This lack of decay coupled with their extremely acidic nature and near complete saturation makes peat lands difficult places for survival. Still, life has found a way, and Borneo’s peatlands are home to a staggering diversity of plant life. They are so diverse, in fact, that when I asked Dr. Craig Costion, a plant conservation officer for the Rainforest Trust, for something approaching a plant list for an area of peatland known as Rungan River region, he replied:

“Certainly not nor would there ever be one in the conceivable future given the sheer size of the property and the level of diversity in Borneo. There can be as many as a 100 species per acre of trees in Borneo... Certainly a high percentage of the species would only be able to be assigned to a genus then sit in an herbarium for decades until someone describes them.”

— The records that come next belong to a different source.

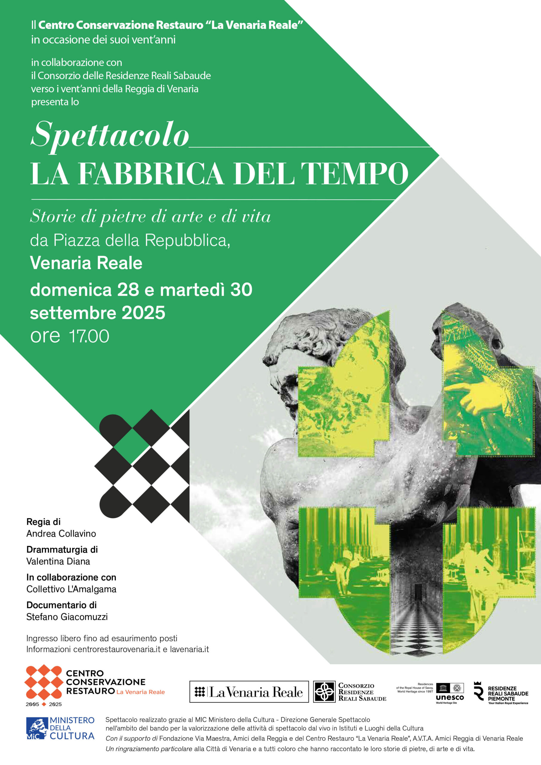 The Centro Conservazione Restauro ‘La Venaria Reale’ (CCR), as part of the celebrations for its 20th anniversary, in collaboration with the Consorzio delle Residenze Reali Sabaude, presents The factory of time. Stories of stones of art and life, a site-specific multidisciplinary performance, which recounts the extraordinary transformation of the Reggia di Venaria and its village – a UNESCO heritage site – through the language of theatre and the involvement of the community, transforming spaces into a diffused stage.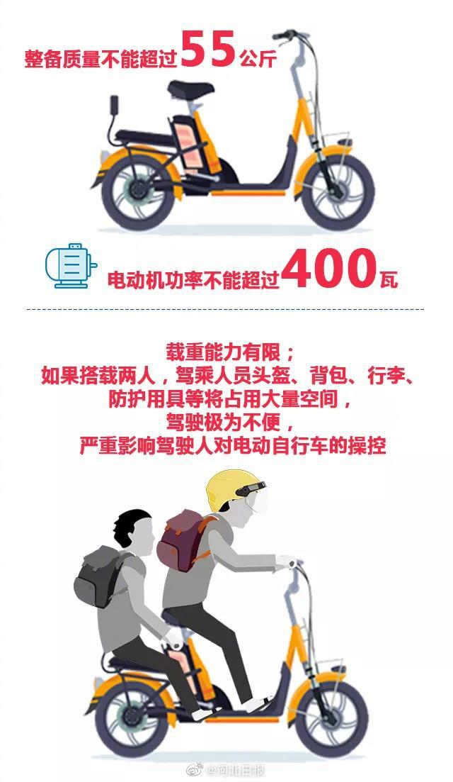【#河北成年人驾驶电动车只能搭载一人#,不限制被搭载人员年龄】《河北省电动自行车管理条例》已由河北省第十三届人民代表大会常务委员会第二十七次会议于2021年11月23日审议通过,将于2022年5月1日实施。 有不少网友问,成年人驾驶电动自行车能搭载成年人吗?搭载限制人数吗?河北省公安厅交通管理局参与《条例》立法的专业人士给出解答↓↓↓ 为什么规定成年人驾驶电动自行车只能搭载一人? 河北省公安厅交通管理局: 从电动自行车的技术参数来看,电动自行车的整备质量不能超过55公斤、电动机功率不能超过400瓦,故载重能力有限;如果搭载两人,驾乘人员头盔、背包、行李、防护用具等将占用大量空间,驾驶极为不便,严重影响驾驶人对电动自行车的操控,一旦遇突发情况,难以采取及时有效的应对措施,极易造成事故。 从群众出行实际情况来看,电动自行车搭载两人时,因为鞍座和后衣架的长度不够,往往有一名儿童需要在脚踏板上站立或乘坐,发生交通事故的瞬间,驾驶人及后排乘坐人员的身体因惯性前移,极易将该儿童挤压到车把立管上,在车辆倒地前,造成儿童严重的磕碰损伤,因此有必要对载人做出限制性规定。 从外省立法情况来看,2018年以来,电动自行车立法的八个省市中,有七个限载一人,并在被搭载人员年龄方面予以限制。综合考虑到河北省群众电动自行车出行安全与需求,《条例》作出了成年人驾驶电动自行车只能搭载一人,且不限制被搭载人员年龄的规定。#河北电动自行车登记上牌方可上路#(河北交警微发布)[编辑|王伟]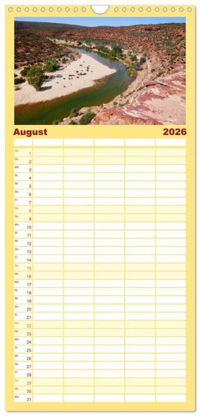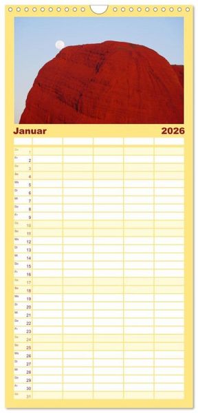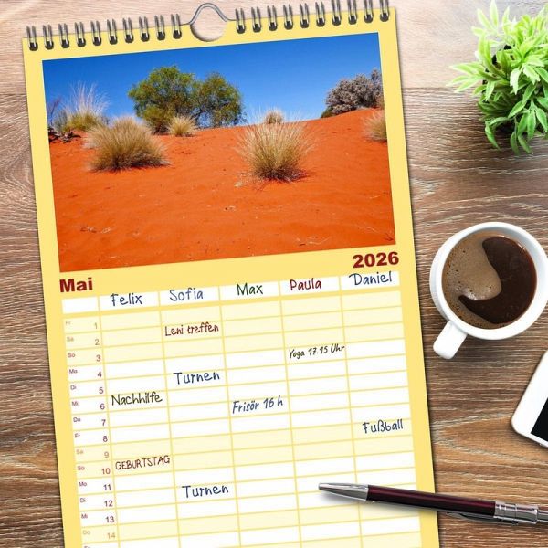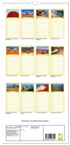 PRAKTISCH - übersichtlicher Familienkalender mit 5 Spalten für bis zu 5 Personen für mehr Struktur im Alltag - so bleiben alle Termine im Blick!ÜBERSICHTLICH - mit farblich getrennten Wochen- und Feiertagen. Die einzelnen Felder bieten genügend Platz für Eintragungen. So macht Organisieren Spaß!FANTASTISCHE BILDER - Dieser Planer ist nicht nur eine nützliche Hilfe im Alltag, sondern schmückt gleichzeitig Ihr Zuhause. Ideal auch als Geschenk.FÜR ALLE STIFTE GEEIGNET - ganz egal, ob Sie lieber mit Kugelschreiber oder Bleistift schreiben.NACHHALTIG - deutliche Abfallreduzierung durch bedarfsgerechte Einzelstückfertigung, umweltfreundliches FSC-zertifiziertes Papier, Produktion in Deutschland, klimabewusste Logistik.Außergewöhnliche Nationalparks in Northern Territory und Westaustralien von Autor(in): Peggy Daum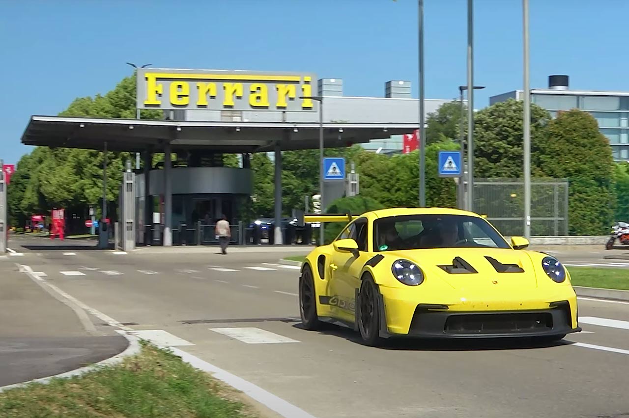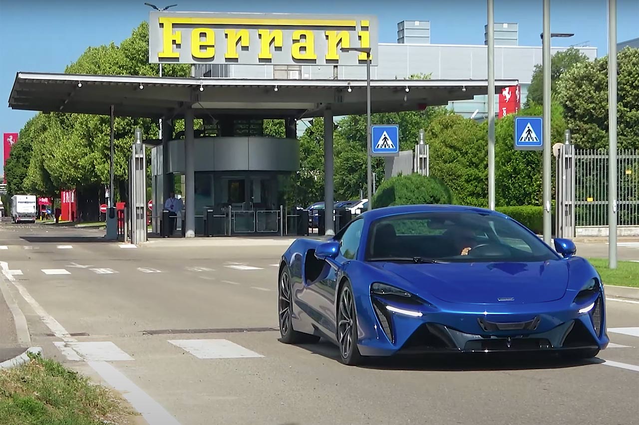 Sin embargo, lo interesante está en los coches de otras marcas que salen del interior de la fábrica. Se puede ver tanto a un Porsche 911 GT3 RS como a un McLaren Artura, dos vehículos que son rivales directos de algunos de los modelos que tiene en su gama. Parece lógico, pues, que el fabricante italiano los ponga a prueba para analizarlos y poder desarrollar mejoras para sus propios automóviles.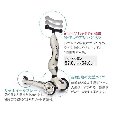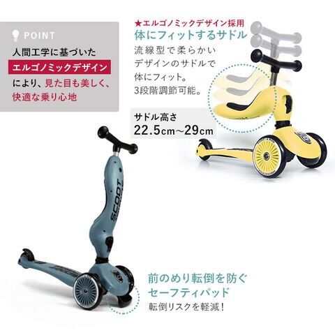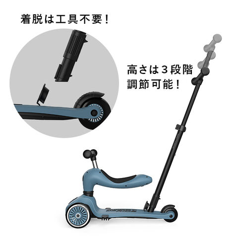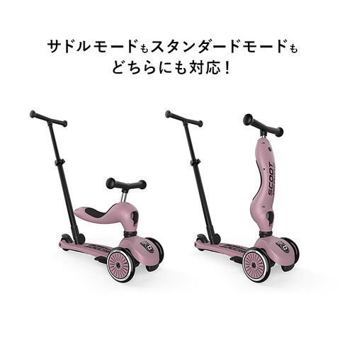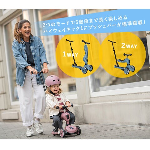 ハイウェイキック1は2つのモードが楽しめるキッズスクーター。スクーターデビューにぴったりの1台です。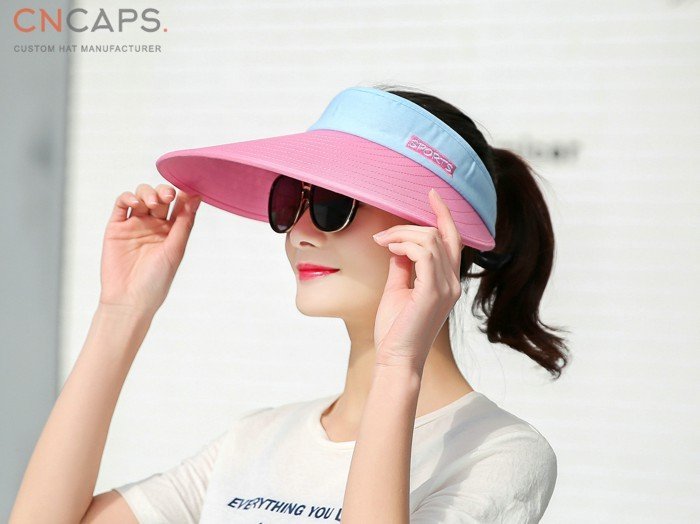 This Lady summer sun visor constructed of polyester cool dry fabric and inside with metal band, the wholesales sun visor features a good-looking classic design in summer and a color matching or contrast visor crown. You can get your own brand printed on embroidered to be noticed in crowd.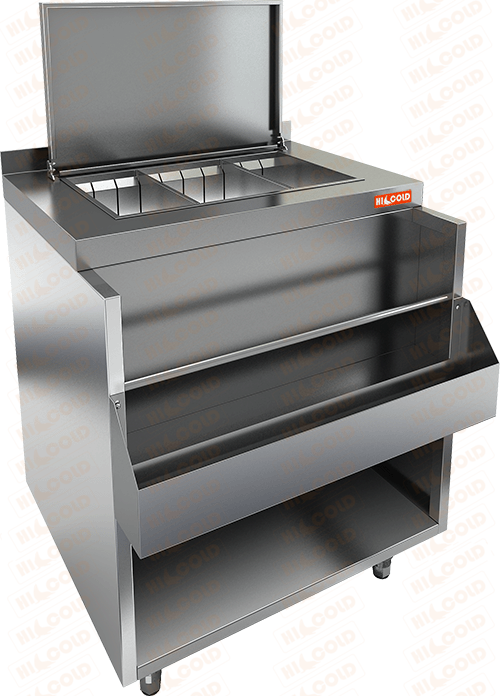 Барный модуль с теплоизолир. ванной для льда НБМВЛ-6/6БККР (с бортом) с крышкой и лотком с доп. карманом.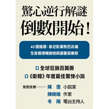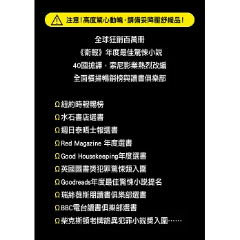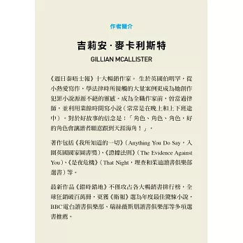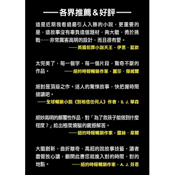 ◎ 絕對是頂級之作。迷人的驚悚故事,節奏無懈可擊,快把握時間搶讀吧。──全球暢銷小說《別相信任何人》作者,S. J. 華森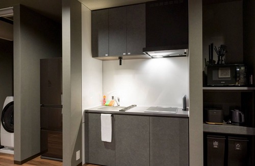 A kitchen washing machine and projector are available so you can stay like you live there The bedding is Airweave and the bath is a semiopenair bath no view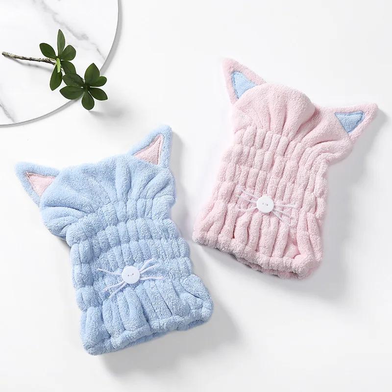 Cute Cat Microfiber Hair-drying Towel Bath Cap Strong Absorbing Drying Long Soft Special Dry Hair Cap Towel with Coral Velvet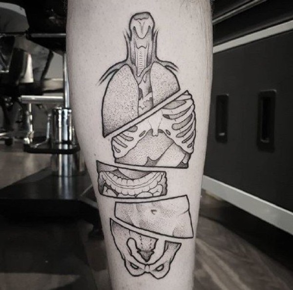 创意骨骼纹身图_10张男性黑灰点刺创意骨骼纹身图案作品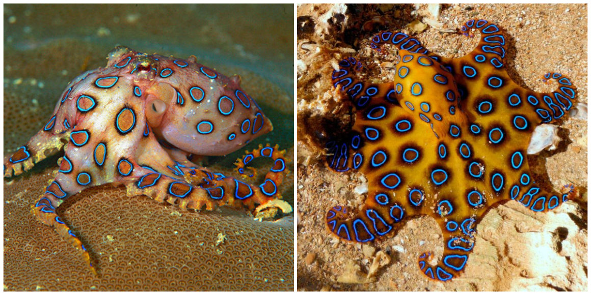 Esta magnífica criatura del tamaño de una pelota de golf habita en todas las costas de Australia. La mayoría de las picaduras son causadas porque los humanos tratan de tocarlo. Por desgracia, para aquellos que lo agarren, no sufrirán de dolor pero morirán rápidamente, debido a que la toxina de este pulpo es 10,000 veces más potente que el cianuro, pudiendo matar a un humano en menos de 90 minutos.

And that is quite remarkable when you think about it. When you consider that the Rungan River property is approximately 385,000 acres, the number of plant species to consider quickly becomes overwhelming. To put that in perspective, there are only about 500 tree species native to the whole of Europe! And that’s just considering the trees. Borneo’s peatlands are home to myriad plant species from liverworts, mosses, and ferns, to countless flowering plants like orchids and others. We simply do not know what kind of diversity places like Borneo hold. One could easily spend a week in a place like the Rungan River and walk away with dozens of plant species completely new to science. Losing a tract of forest in such a biodiverse is a huge blow to global biodiversity.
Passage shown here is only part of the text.